Location: Aurora, IL

Info: I'm happily married to my husband and champion pro-life activist, Matt. I stay home with my three small boys; Ambrose (11/06), Peter (3/08), and Joseph (9/10).

Wednesday, December 12, 2007

the good ol' department of motor vehicles

This morning, I made a trip over to the DMV to renew my driver's license. I hate the DMV. Today, however, I was delighted to find the place practically empty and walked right up to the counter. No lines. No wait. It was wonderful.

But the DMV has a way of always being a rotten place to go, and just when I began to think I might not absolutely detest my experience, the clerk opened her mouth.

Eying Ambrose in the mei tai on my back, she says, "Are you sure he's in there right?"
A quick pat over my back and I assured her that yes, he was.
"He won't fall out?"
"Nope, he's nice and snug."
"I bet he'll climb out one of these days. Aren't there any buckles or anything?" (WHAT?! No PLASTIC?! I can't believe it even WORKS!!!)
"Oh, no. It's just cloth. It's really comfy."
"Hm. Well, I bet he'll learn to climb out." (smiles at Ambrose) "Won't you?"
"I hope not. He really likes it in there."
"My daughter uses one of those...what are they called? Baby Bjorn.
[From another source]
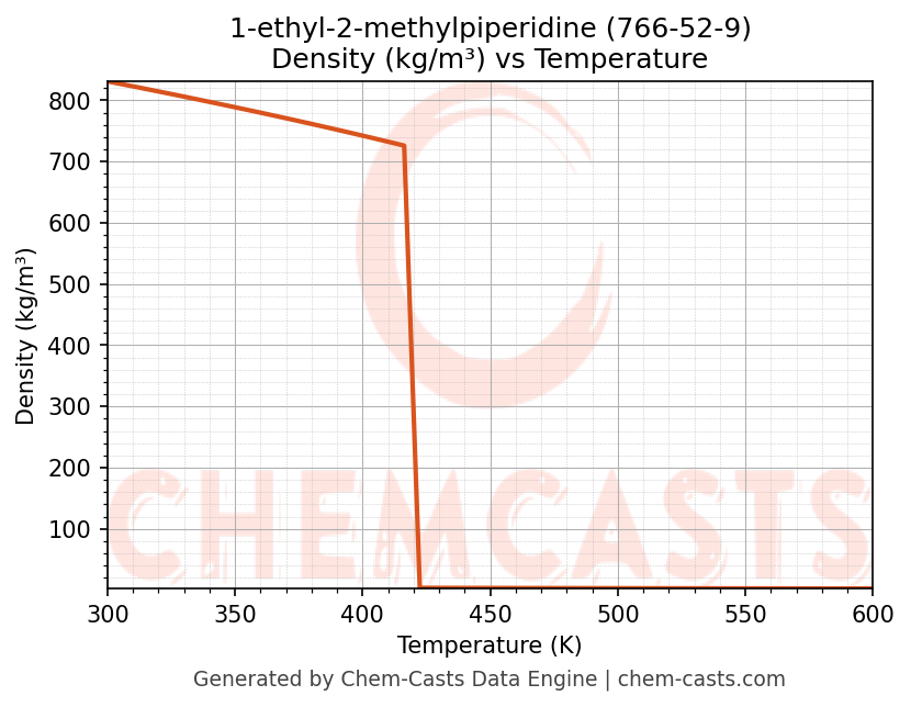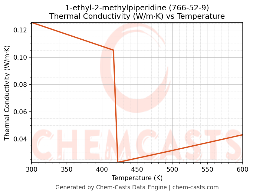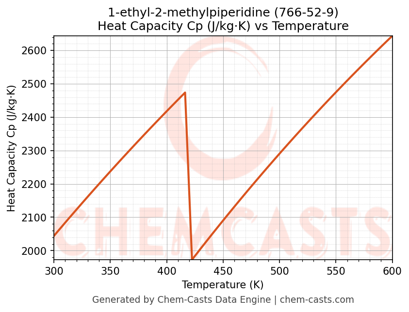 This page presents the temperature-dependent thermodynamic and transport properties of 1-ethyl-2-methylpiperidine (CAS 766-52-9) calculated at a constant pressure of 1 atm (101325 Pa) over the temperature range 250-500 K.

Those are nice."
"Yeah." (Mentally rolling my eyes at her, and at everyone who truly thinks a baby bjorn holds a candle to a mei tai.)

To her credit, she did go on to ask me where I got it, and said it was very pretty. This really wasn't the part of the conversation that irked me the most.
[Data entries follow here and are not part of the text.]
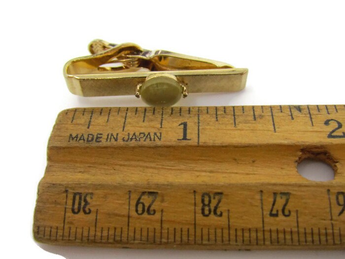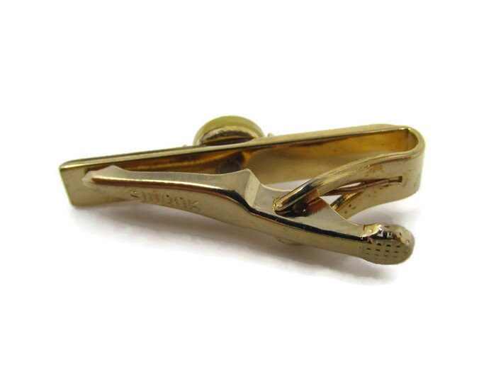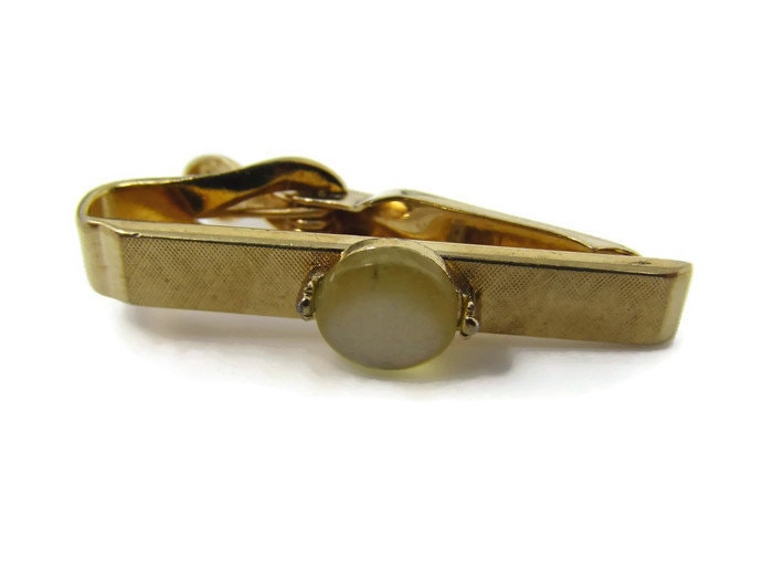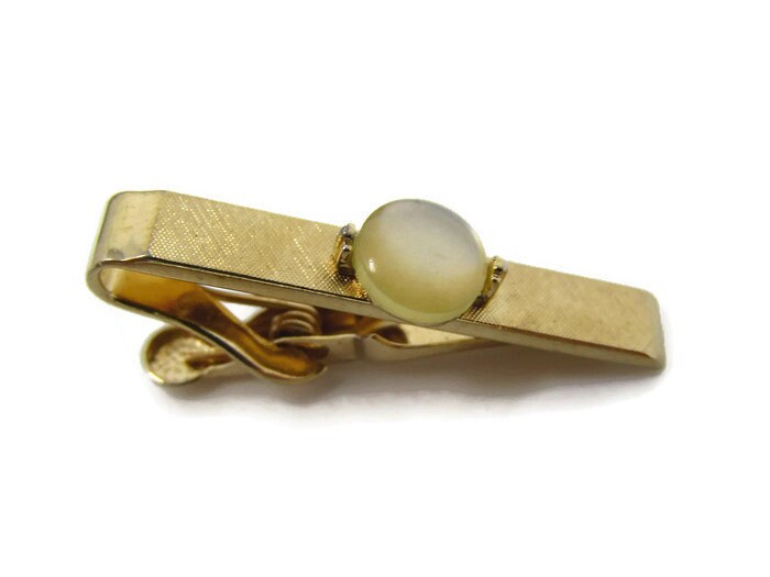 Opalescent White Accent Tie Clip Vintage Tie Bar: Textured Gold Tone
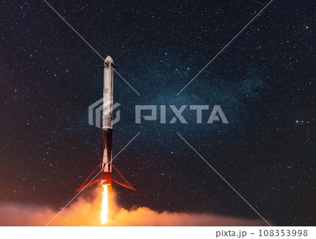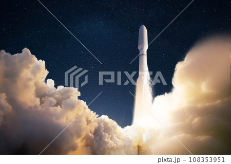 New space rocket with blast and smoke takes off into the starry sky. Technology, transport and science, creative idea. Start-up, concept. Spacecraft launch into space
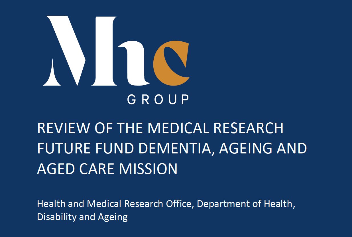 MHC reviewed the Medical Research Future Fund (MRFF) Dementia, Ageing and Aged Care Mission’s progress in: a) supporting dementia, ageing and aged care research in Australia; and b) meeting the objectives set out in the:
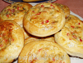 4. Отрезать от теста небольшие кусочки и раскатать в лепешки. Сделать в каждой лепешке небольшое углубление для начинки и выложить на смазанный растительным маслом противень.

Later on, she was confirming all the information on my old license.
"Height and weight still the same?," she asked, peering over her glasses.
"Yes." And truthfully, they were accurate--yes, weight too--even with being pregnant.
She gave me a long once-over, smiled sympathetically and then said, "I understand."

See you in four years, you mean old lady!
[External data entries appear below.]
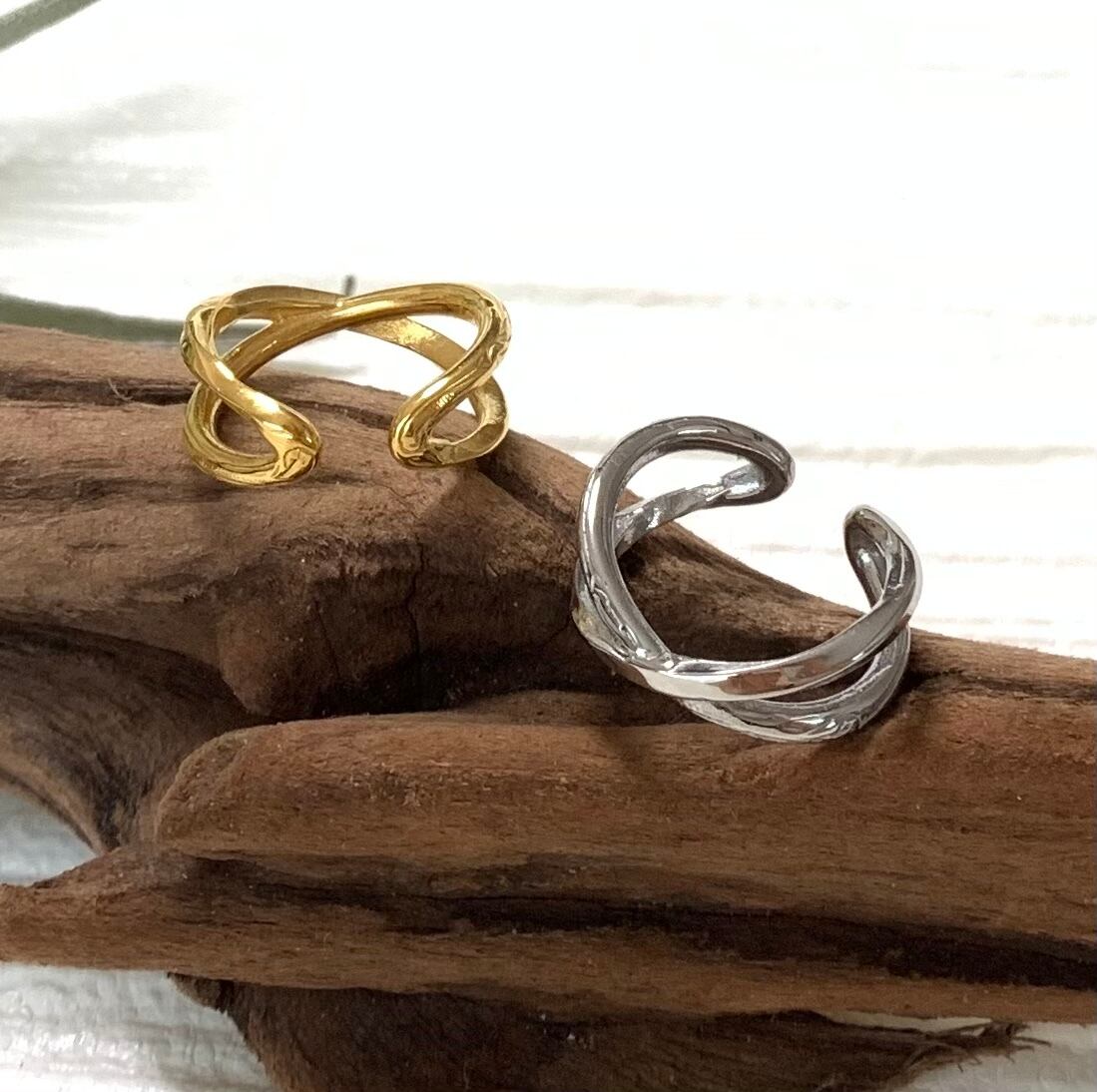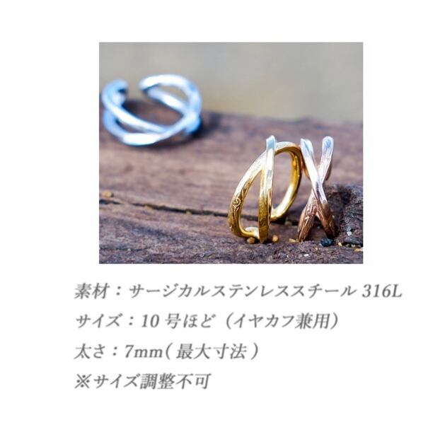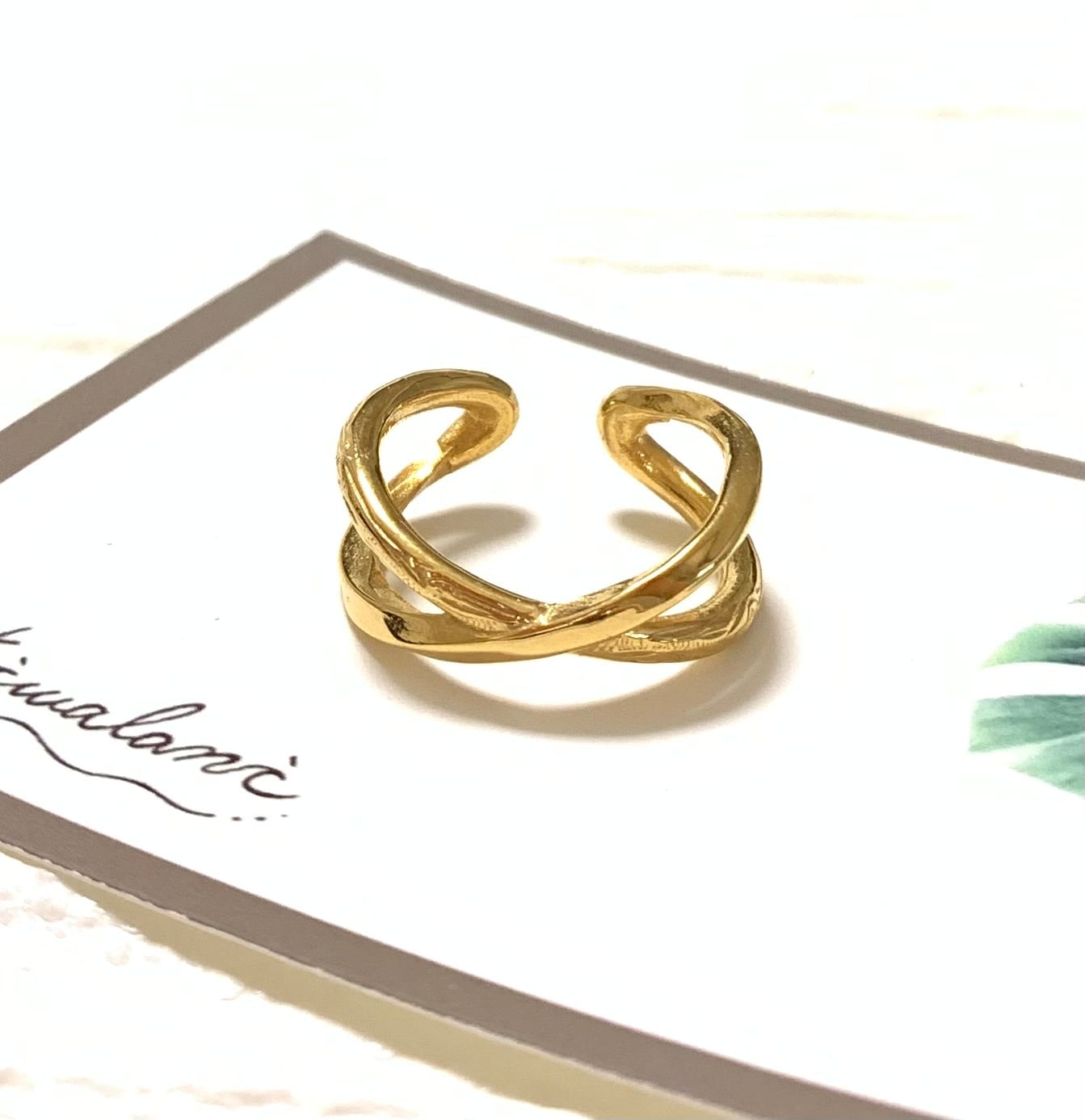 【 3way 】 クロス リング ハワイアンジュエリー ( ゴールド ) イヤーカフ / サージカルステンレス 316L ハワジュ 指輪 つけっぱなし 錆びない アクセサリー
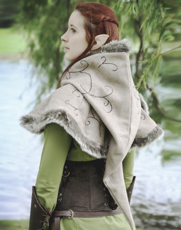 Cape aus Wolle mit schöner mittelalterlicher Schließe. Für Damen und Herren gleichermaßen geeignet. In vielen Farben lieferbar und passt nahezu immer. Liegt sehr gut auf der Schulter mit normaler Kapuze hinten. Lieferumfang: nur das Cape ohne abgebildetes Zubehör Material: 65% Wolle 35%PL mit Lederimitateinsatz  Größe: Standard ca. 131cm lang Farben: grau, schwarz, natur, braun, dunkles rot, grün (genau wie auf dem Photo, geht eher ins petrol) NEU: blau Verfügbarkeit: schwarz ist momentan nicht lieferbar beim Hersteller    7-14 Tage Lieferzeit.  Auf Anfrage gibt es dieses Cape auch mit langem Zipfel siehe letztes Bild
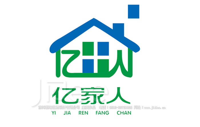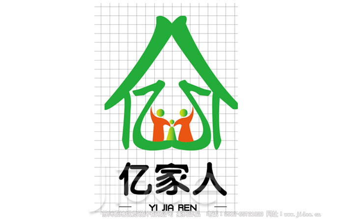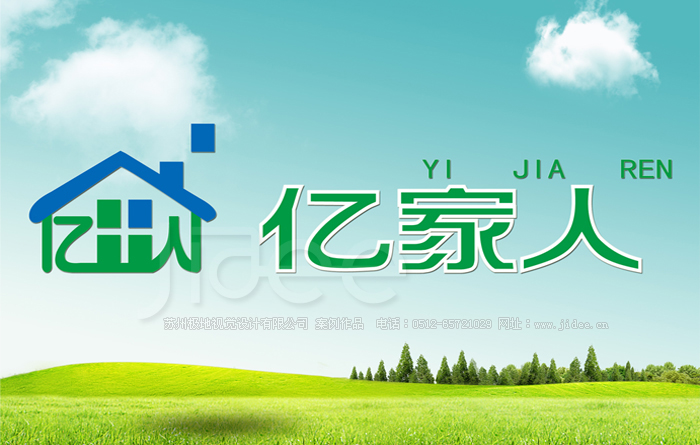 設計思路:突出“億家人”房產公司為億萬家房產服務理念,取“億”的“   ”變形成為房子邊墻和屋頂。

Comments on "the good ol' department of motor vehicles"

 

Blogger Sarah Faith said ... (December 17, 2007 7:39 PM) : 

one time someone asked me "Is his leg supposed to be turning blue?" and i laughed, then looked and it was kinda cutting off his circulation... lol :-) pretty awful.

 

Blogger John Jansen said ... (December 18, 2007 10:36 AM) : 

I hate the DMV.

I think it's pretty much obligatory when one talks about the DMV to state one's hatred thereof.